Spanish footballer (born 1993)

Manuel "Lolo" Coronado Plá (born 7 April 1993) is a Spanish professional footballer who plays as a forward.

Having spent his early career at Valladolid in La Liga, Lugo in the Segunda División and Benfica B in the Portuguese Segunda Liga, he played most of it in the lower leagues of his country. He made 157 appearances and scored 36 goals in the Spanish third tier, in service of eight clubs.

==Club career==
===Valladolid===
Born in Mérida, Extremadura, Plá began his career with Real Valladolid's youth sides, and made his senior debut in 2010–11 for the B team in the Tercera División. On 20 August 2012, he appeared in his first official game with the main squad, playing the last four minutes in a 1–0 La Liga away win over Real Zaragoza, the first matchday of the season.

===Benfica===
Plá signed for S.L. Benfica in Portugal on 2 August 2013 in spite of being threatened by his former club, which later led to compensation as his link was not severed by mutual consent. He was assigned to the reserves and played his first match for them on the 26th, coming from the bench in the 81st minute of the Segunda Liga home fixture against Portimonense S.C. and scoring the final goal in a 3–0 victory.

On 30 August 2014, Plá was loaned to Segunda División's CD Lugo on a season-long deal. The following summer, he joined Segunda División B side Cádiz CF also on loan.

===Elche===
In the 2016 off-season, Plá was acquired by Mexican club Club Necaxa, but was immediately loaned back to CD Toledo of the Spanish third tier. He helped them to finish second in their group, and then signed for Elche CF of the same league in July 2017.

Plá contributed two goals in Elche's promotion campaign (five in all competitions), but spent the following season on loan at Recreativo de Huelva and Valencia CF Mestalla.

===Later career===
On 14 July 2019, Plá agreed to a two-year deal with Gimnàstic de Tarragona. He was unregistered from the main squad the following transfer window due to poor performances, and terminated his contract in March 2020.

In September 2020, Plá joined CD Guijuelo.
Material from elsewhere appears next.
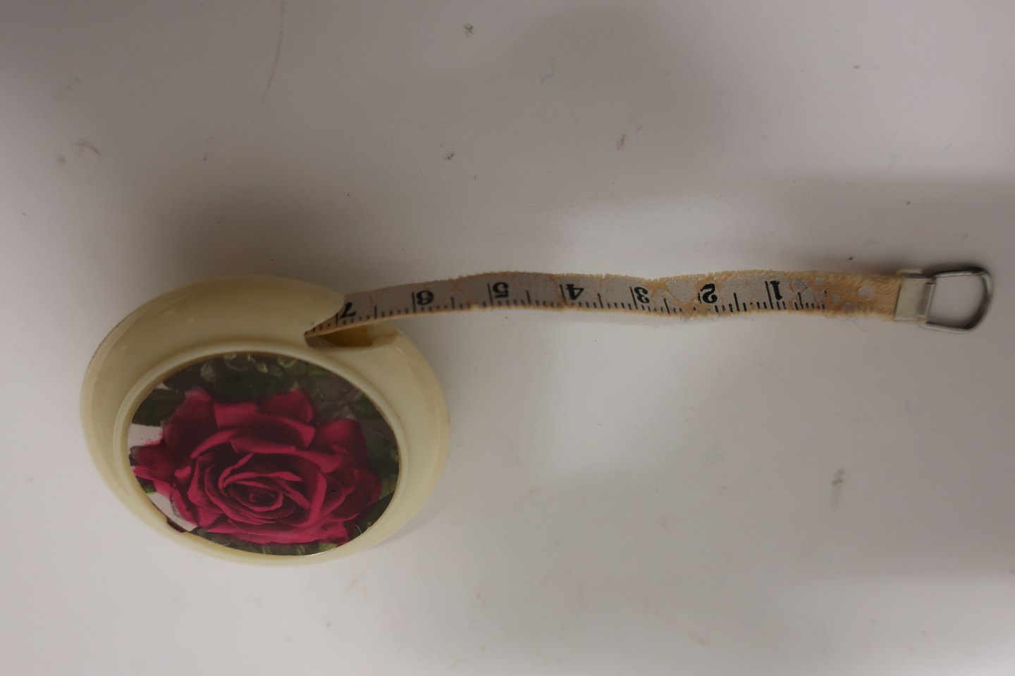 Measuring tool in a round holder, the holder is with a rose decorated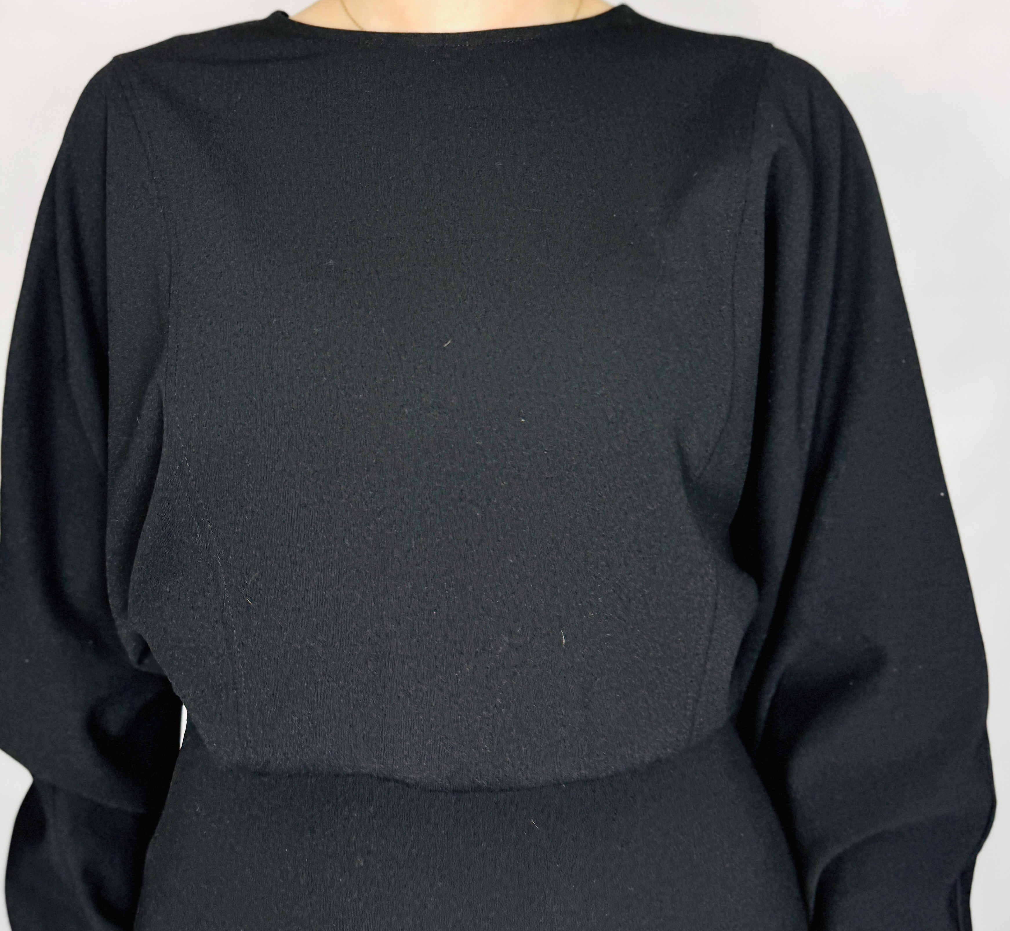 Dekolt ma klasyczny, łagodnie okrągły kształt, który dyskretnie oprawia szyję i daje przestrzeń na delikatną biżuterię. Rękawy mają szeroki, opadający krój — ich lekka objętość przy ramionach wprowadza miękkość i kobiecy akcent, jednocześnie pozostając elegancko zharmonizowana z resztą sylwetki. Górna część fasonu ma luźniejsze, bluzowane ułożenie, które płynnie przechodzi w węższą formę bioder; takie zestawienie tworzy ciekawą grę proporcji i pozwala na komfort noszenia bez utraty szyku.

His only season was marred by injury and resulted in a double relegation to the new Tercera Federación following a league restructuring.

Plá signed for his hometown side Mérida AD in the league above in June 2021. Including the Copa Federación, he scored 12 times in 34 total games as his first campaign at the Estadio Romano ended in promotion via the playoffs; his link was then extended for a second year.

Plá continued to compete in the lower leagues subsequently, with CP Cacereño and CF Talavera de la Reina. He moved abroad again on 12 August 2024, on a contract at Iraq Stars League club Al-Minaa SC.

On 9 January 2026, Plá returned to Spain, joining Primera Federación club CD Teruel.

On 31 August 2026, Plá joined Hong Kong Premier League club Eastern.